> Material provided
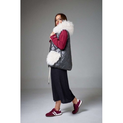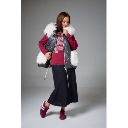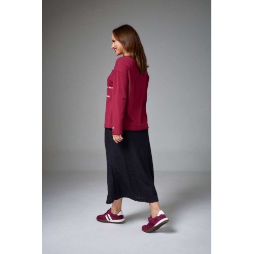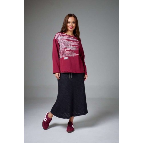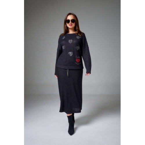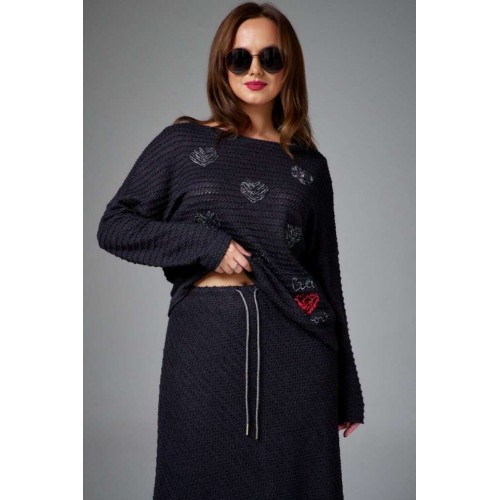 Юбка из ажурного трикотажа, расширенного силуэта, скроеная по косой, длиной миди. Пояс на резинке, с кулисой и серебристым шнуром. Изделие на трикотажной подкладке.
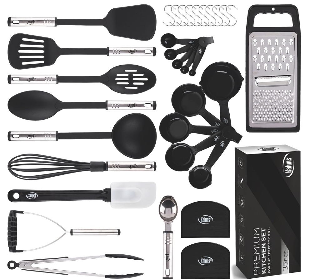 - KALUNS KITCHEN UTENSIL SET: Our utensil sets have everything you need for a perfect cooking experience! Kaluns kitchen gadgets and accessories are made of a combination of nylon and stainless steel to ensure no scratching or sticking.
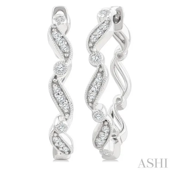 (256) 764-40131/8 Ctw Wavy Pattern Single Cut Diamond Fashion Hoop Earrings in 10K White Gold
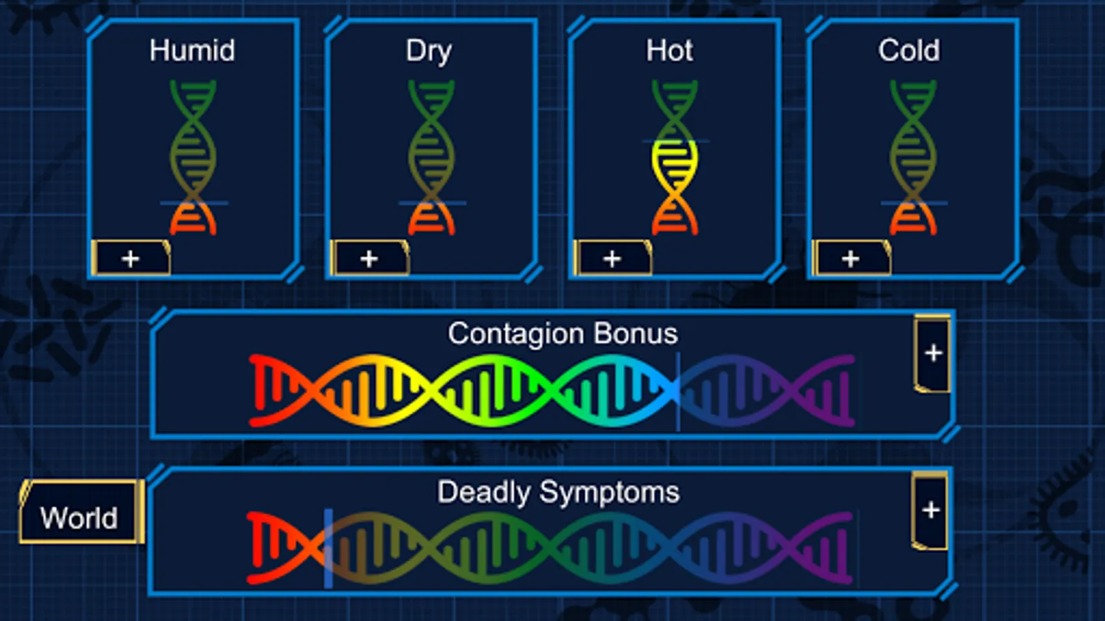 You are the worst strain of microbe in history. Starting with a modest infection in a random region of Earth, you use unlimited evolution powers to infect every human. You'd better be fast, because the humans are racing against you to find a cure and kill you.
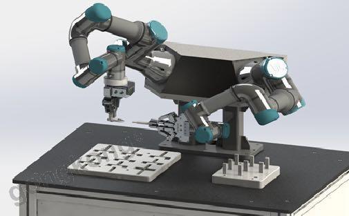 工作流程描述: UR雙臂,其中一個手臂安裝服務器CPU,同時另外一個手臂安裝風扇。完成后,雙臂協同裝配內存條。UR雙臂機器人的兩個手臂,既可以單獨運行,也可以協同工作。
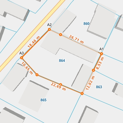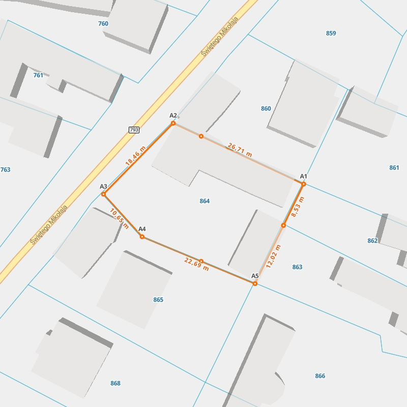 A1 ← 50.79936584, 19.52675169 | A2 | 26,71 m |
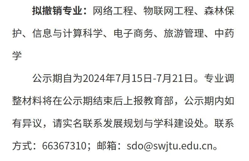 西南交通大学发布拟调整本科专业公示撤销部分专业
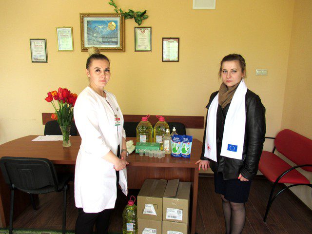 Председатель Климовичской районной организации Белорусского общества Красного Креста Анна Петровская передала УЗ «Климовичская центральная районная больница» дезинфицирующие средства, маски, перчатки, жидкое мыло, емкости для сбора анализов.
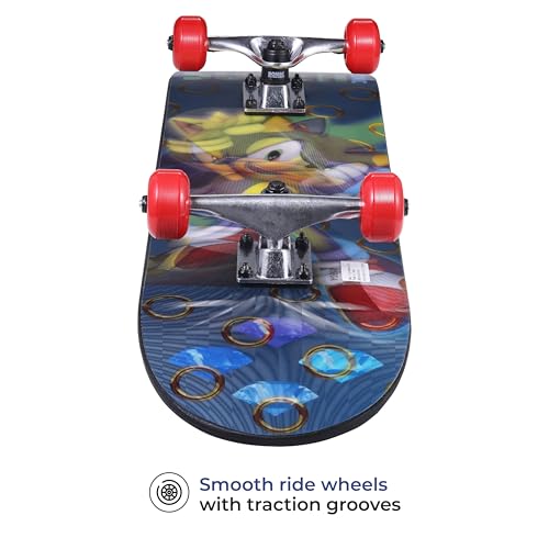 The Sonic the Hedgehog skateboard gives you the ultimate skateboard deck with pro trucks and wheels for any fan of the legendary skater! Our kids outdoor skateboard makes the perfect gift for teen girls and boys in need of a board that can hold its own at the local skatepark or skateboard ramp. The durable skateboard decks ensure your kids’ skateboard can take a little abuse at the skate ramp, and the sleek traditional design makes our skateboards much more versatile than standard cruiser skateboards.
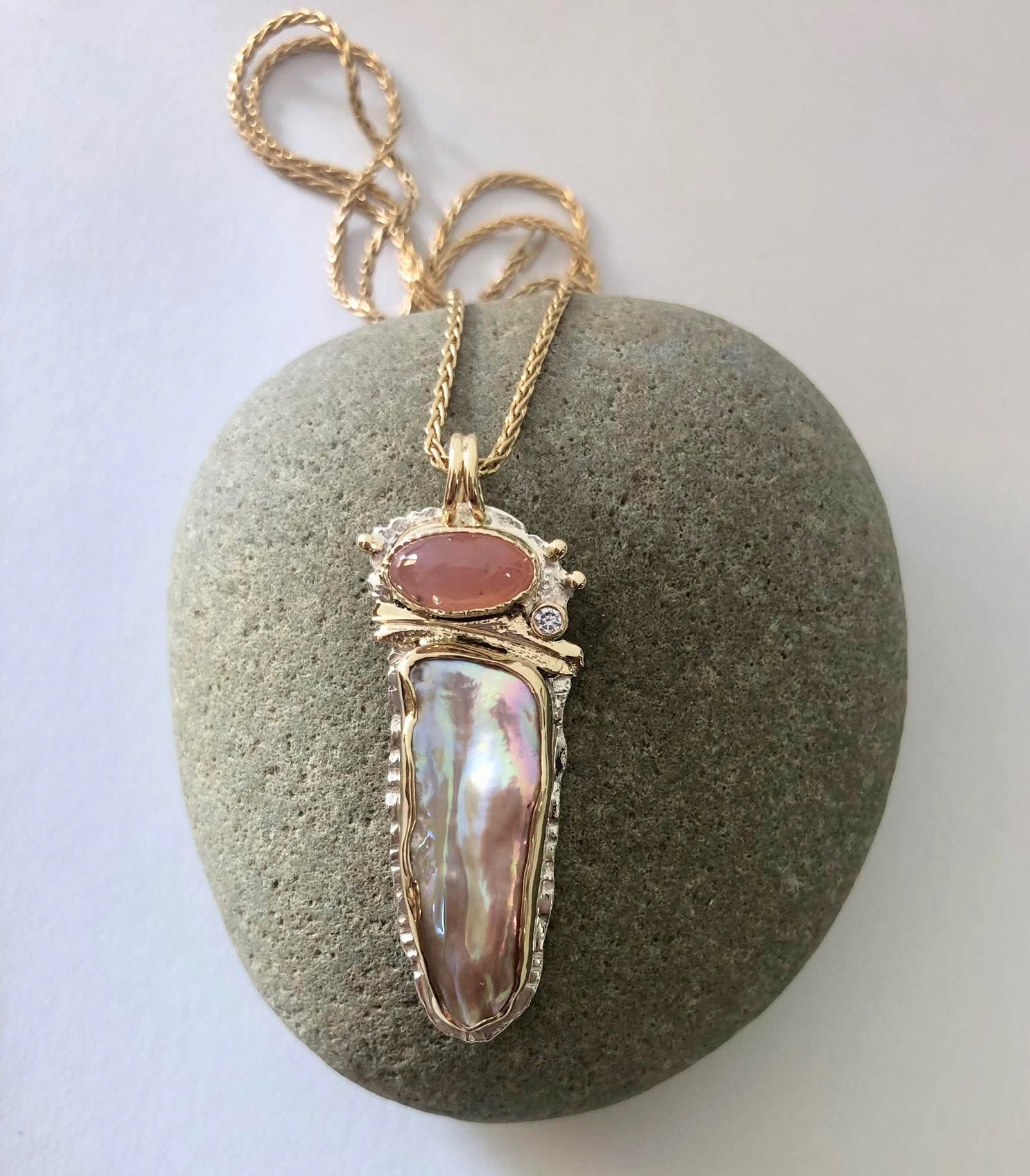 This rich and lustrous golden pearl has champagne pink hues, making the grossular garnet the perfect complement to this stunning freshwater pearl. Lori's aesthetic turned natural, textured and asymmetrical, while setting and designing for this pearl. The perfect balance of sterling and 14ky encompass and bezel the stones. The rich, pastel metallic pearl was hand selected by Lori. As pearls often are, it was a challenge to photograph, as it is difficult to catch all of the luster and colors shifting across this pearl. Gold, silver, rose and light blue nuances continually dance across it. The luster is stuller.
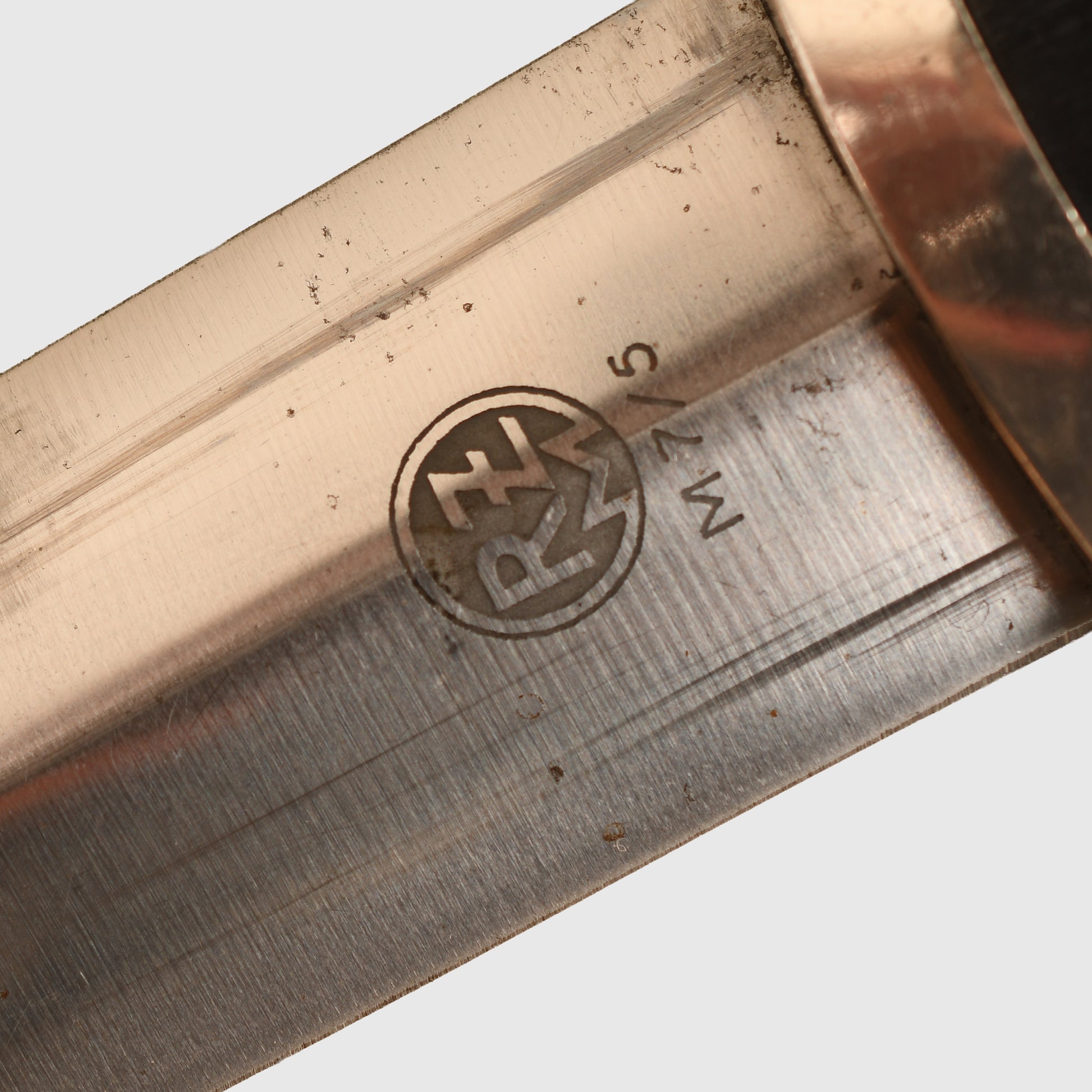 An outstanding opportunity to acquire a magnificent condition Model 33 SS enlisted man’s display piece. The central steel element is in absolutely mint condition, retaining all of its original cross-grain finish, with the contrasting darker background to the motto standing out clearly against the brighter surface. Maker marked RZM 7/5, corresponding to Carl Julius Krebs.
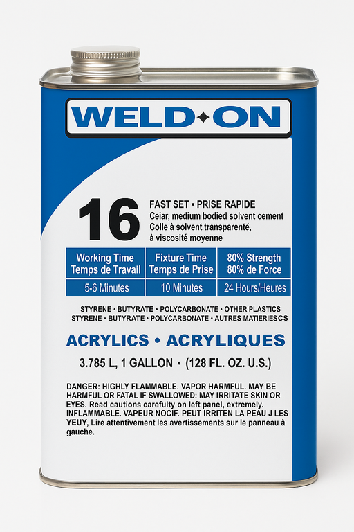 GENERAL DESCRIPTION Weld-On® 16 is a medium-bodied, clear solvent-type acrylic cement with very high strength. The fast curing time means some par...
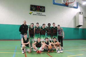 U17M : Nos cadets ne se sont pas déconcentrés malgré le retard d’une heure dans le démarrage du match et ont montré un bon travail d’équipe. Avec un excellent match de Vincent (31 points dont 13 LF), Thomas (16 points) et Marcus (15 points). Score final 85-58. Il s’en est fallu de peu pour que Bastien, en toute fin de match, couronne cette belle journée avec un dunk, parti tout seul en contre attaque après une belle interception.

> Task prompt
The lines to write out are those from the first line of the listing above through the line bearing "- KALUNS KITCHEN", both included, copied exactly with pictures dropped.

> Result of the task
 Юбка из ажурного трикотажа, расширенного силуэта, скроеная по косой, длиной миди. Пояс на резинке, с кулисой и серебристым шнуром. Изделие на трикотажной подкладке.
 - KALUNS KITCHEN UTENSIL SET: Our utensil sets have everything you need for a perfect cooking experience! Kaluns kitchen gadgets and accessories are made of a combination of nylon and stainless steel to ensure no scratching or sticking.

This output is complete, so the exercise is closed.